Below is a listing; print exactly its lines from the one containing "Custom Tow Mater" down to the one containing "وأضاف الداعية الإسلامي: الشيخ", both inclusive, with every picture left out.

━━━ TASK DATA

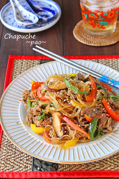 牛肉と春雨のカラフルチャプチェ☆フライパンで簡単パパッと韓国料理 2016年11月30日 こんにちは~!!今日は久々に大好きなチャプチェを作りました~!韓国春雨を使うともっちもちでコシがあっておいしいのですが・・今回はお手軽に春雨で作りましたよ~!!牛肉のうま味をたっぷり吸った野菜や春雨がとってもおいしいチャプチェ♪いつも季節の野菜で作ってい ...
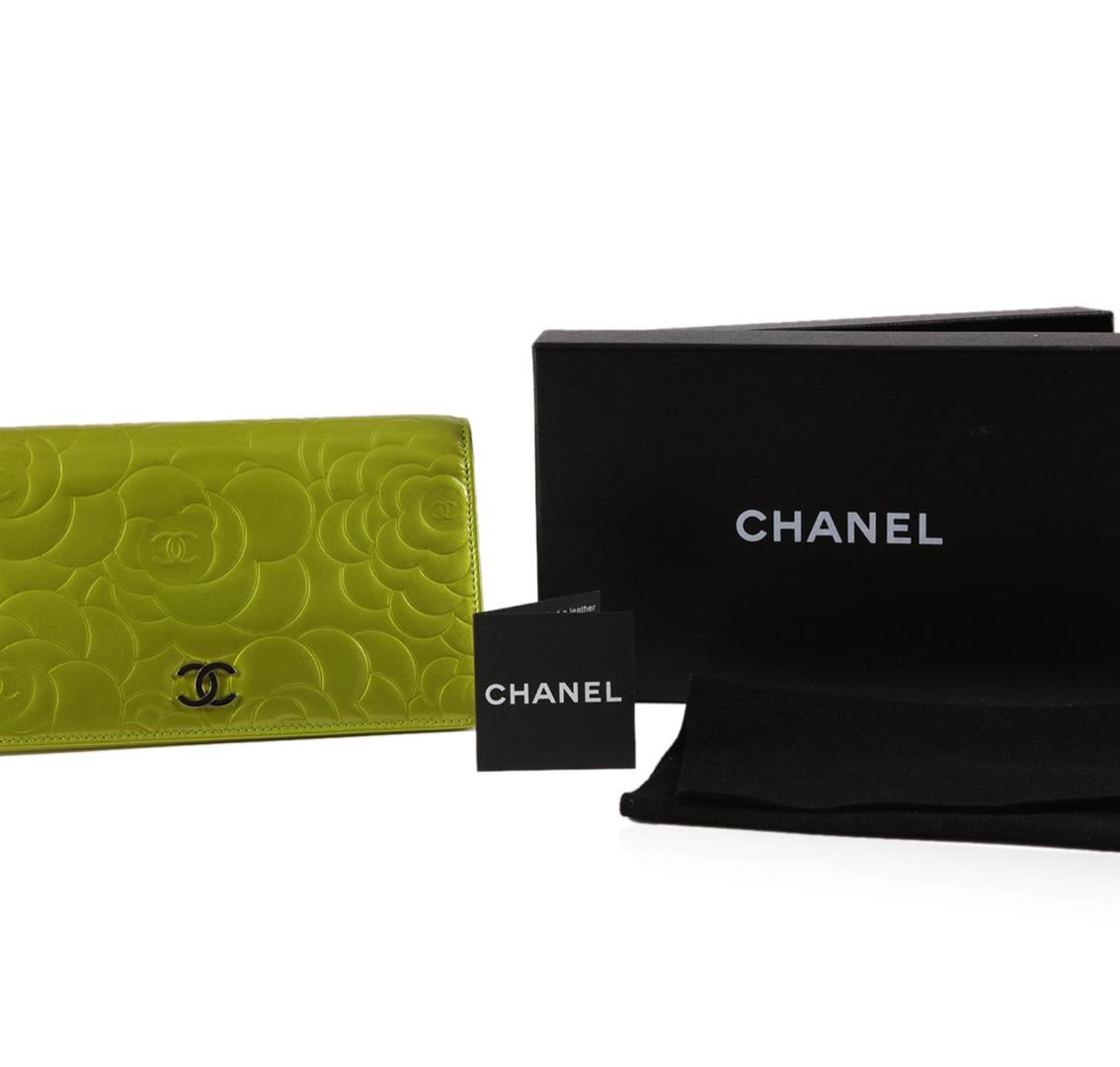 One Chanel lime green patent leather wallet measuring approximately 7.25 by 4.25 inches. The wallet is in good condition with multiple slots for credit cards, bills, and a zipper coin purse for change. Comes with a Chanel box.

━━━━━━
━━━ TASK DATA

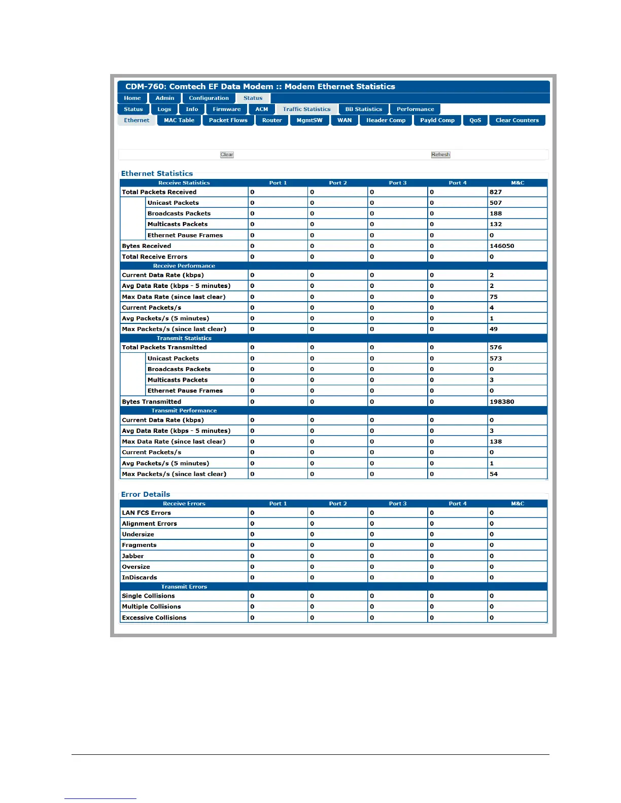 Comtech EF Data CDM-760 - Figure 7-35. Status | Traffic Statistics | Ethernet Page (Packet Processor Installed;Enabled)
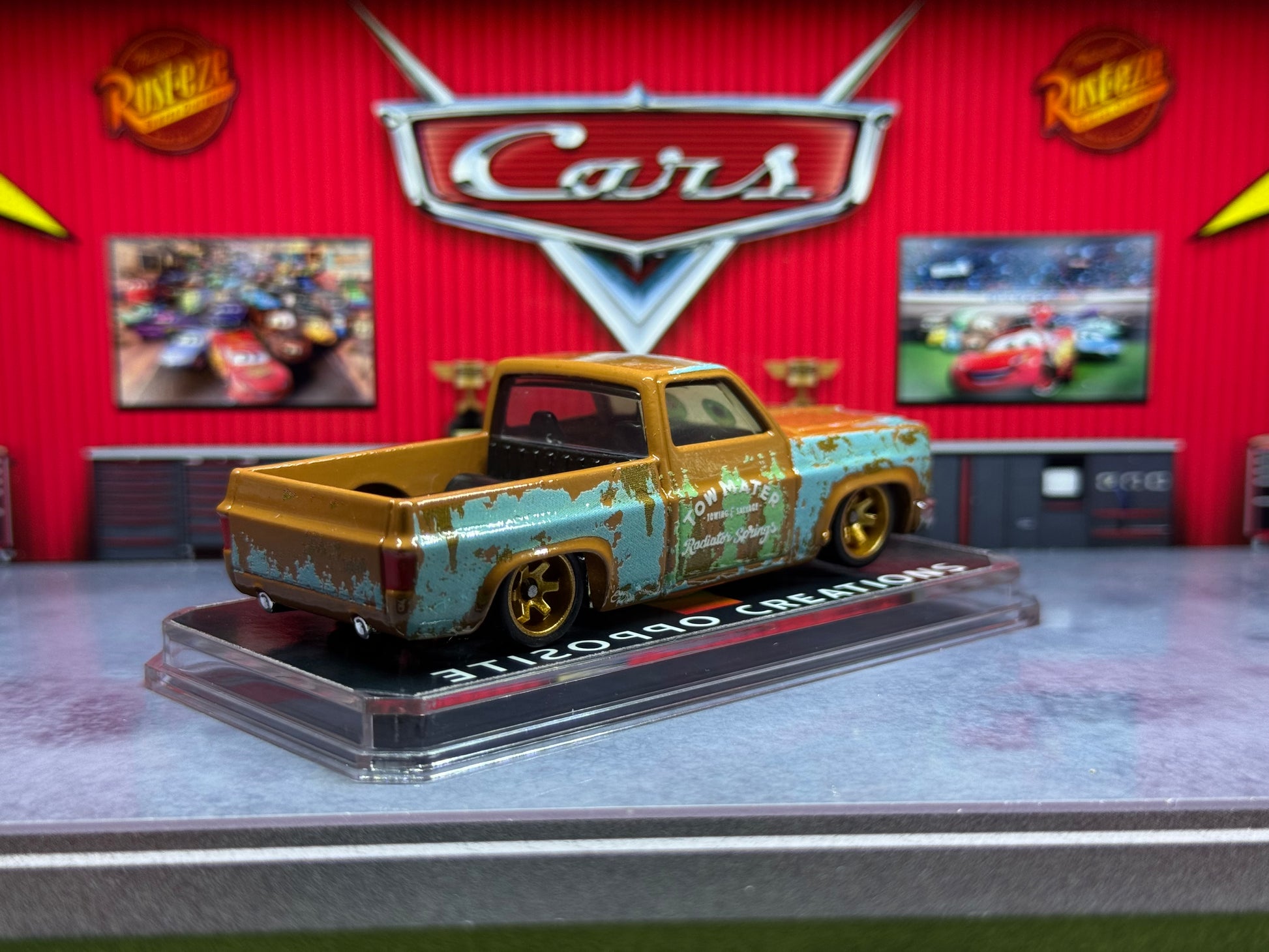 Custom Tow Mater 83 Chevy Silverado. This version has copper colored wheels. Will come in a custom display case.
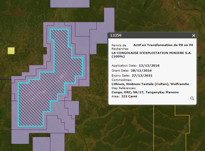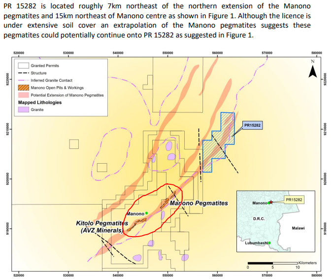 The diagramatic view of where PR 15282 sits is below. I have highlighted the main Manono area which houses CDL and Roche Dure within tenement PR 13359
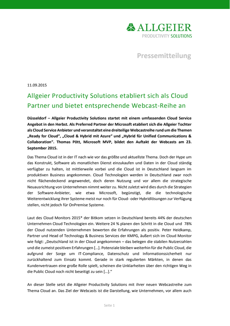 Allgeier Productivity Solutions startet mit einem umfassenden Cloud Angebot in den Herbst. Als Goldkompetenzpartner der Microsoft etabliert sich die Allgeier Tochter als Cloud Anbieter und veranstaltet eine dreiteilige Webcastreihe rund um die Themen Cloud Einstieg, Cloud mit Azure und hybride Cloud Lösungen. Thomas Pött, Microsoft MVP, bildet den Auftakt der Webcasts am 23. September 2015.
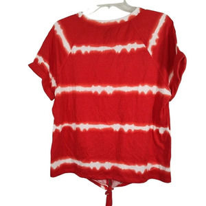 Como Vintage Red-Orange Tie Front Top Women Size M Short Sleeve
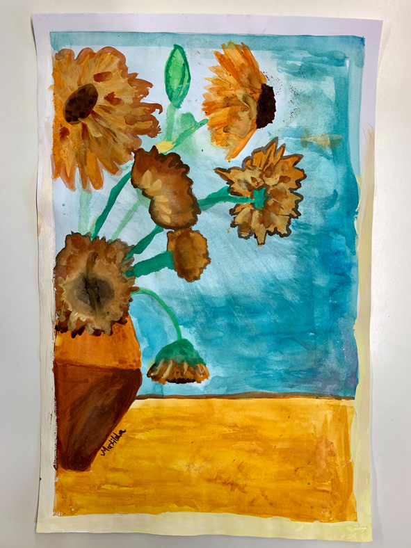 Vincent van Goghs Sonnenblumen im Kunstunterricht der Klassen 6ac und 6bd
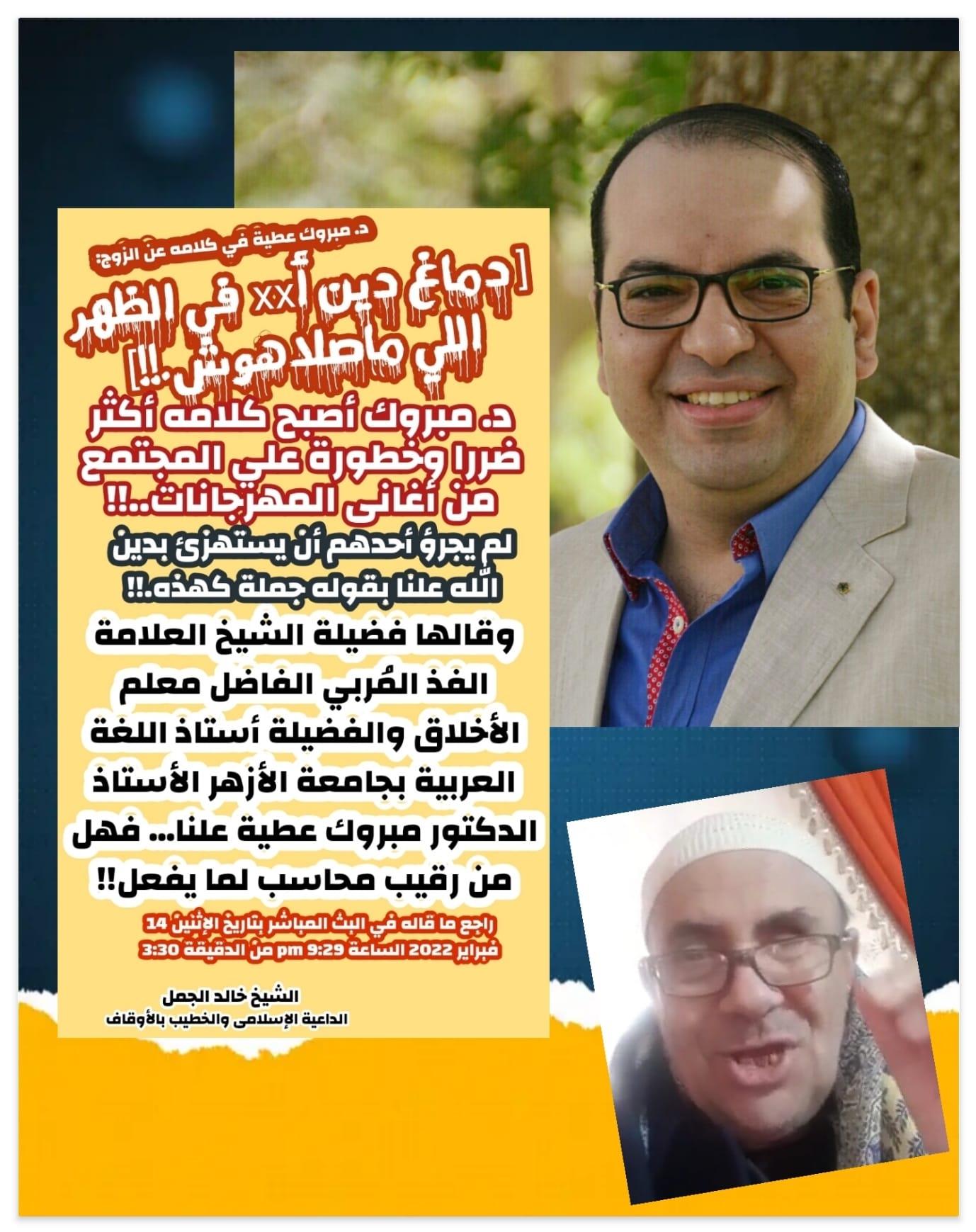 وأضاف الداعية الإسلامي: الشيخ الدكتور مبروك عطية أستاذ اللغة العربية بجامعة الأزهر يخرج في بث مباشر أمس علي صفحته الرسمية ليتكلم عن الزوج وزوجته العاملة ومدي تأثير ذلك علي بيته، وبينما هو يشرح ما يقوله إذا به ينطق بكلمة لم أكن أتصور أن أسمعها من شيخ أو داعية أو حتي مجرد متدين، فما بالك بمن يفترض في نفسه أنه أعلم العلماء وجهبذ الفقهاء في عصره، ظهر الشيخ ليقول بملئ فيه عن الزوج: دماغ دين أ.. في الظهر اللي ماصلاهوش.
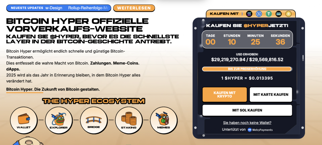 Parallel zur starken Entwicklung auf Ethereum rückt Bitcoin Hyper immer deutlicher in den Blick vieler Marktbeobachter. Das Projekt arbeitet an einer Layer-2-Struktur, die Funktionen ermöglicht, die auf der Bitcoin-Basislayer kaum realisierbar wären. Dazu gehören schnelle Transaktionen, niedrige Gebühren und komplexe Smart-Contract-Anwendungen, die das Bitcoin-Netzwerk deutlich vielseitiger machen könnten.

━━━━━━

THE ANSWER:
 Custom Tow Mater 83 Chevy Silverado. This version has copper colored wheels. Will come in a custom display case.
 The diagramatic view of where PR 15282 sits is below. I have highlighted the main Manono area which houses CDL and Roche Dure within tenement PR 13359
 Allgeier Productivity Solutions startet mit einem umfassenden Cloud Angebot in den Herbst. Als Goldkompetenzpartner der Microsoft etabliert sich die Allgeier Tochter als Cloud Anbieter und veranstaltet eine dreiteilige Webcastreihe rund um die Themen Cloud Einstieg, Cloud mit Azure und hybride Cloud Lösungen. Thomas Pött, Microsoft MVP, bildet den Auftakt der Webcasts am 23. September 2015.
 Como Vintage Red-Orange Tie Front Top Women Size M Short Sleeve
 Vincent van Goghs Sonnenblumen im Kunstunterricht der Klassen 6ac und 6bd
 وأضاف الداعية الإسلامي: الشيخ الدكتور مبروك عطية أستاذ اللغة العربية بجامعة الأزهر يخرج في بث مباشر أمس علي صفحته الرسمية ليتكلم عن الزوج وزوجته العاملة ومدي تأثير ذلك علي بيته، وبينما هو يشرح ما يقوله إذا به ينطق بكلمة لم أكن أتصور أن أسمعها من شيخ أو داعية أو حتي مجرد متدين، فما بالك بمن يفترض في نفسه أنه أعلم العلماء وجهبذ الفقهاء في عصره، ظهر الشيخ ليقول بملئ فيه عن الزوج: دماغ دين أ.. في الظهر اللي ماصلاهوش.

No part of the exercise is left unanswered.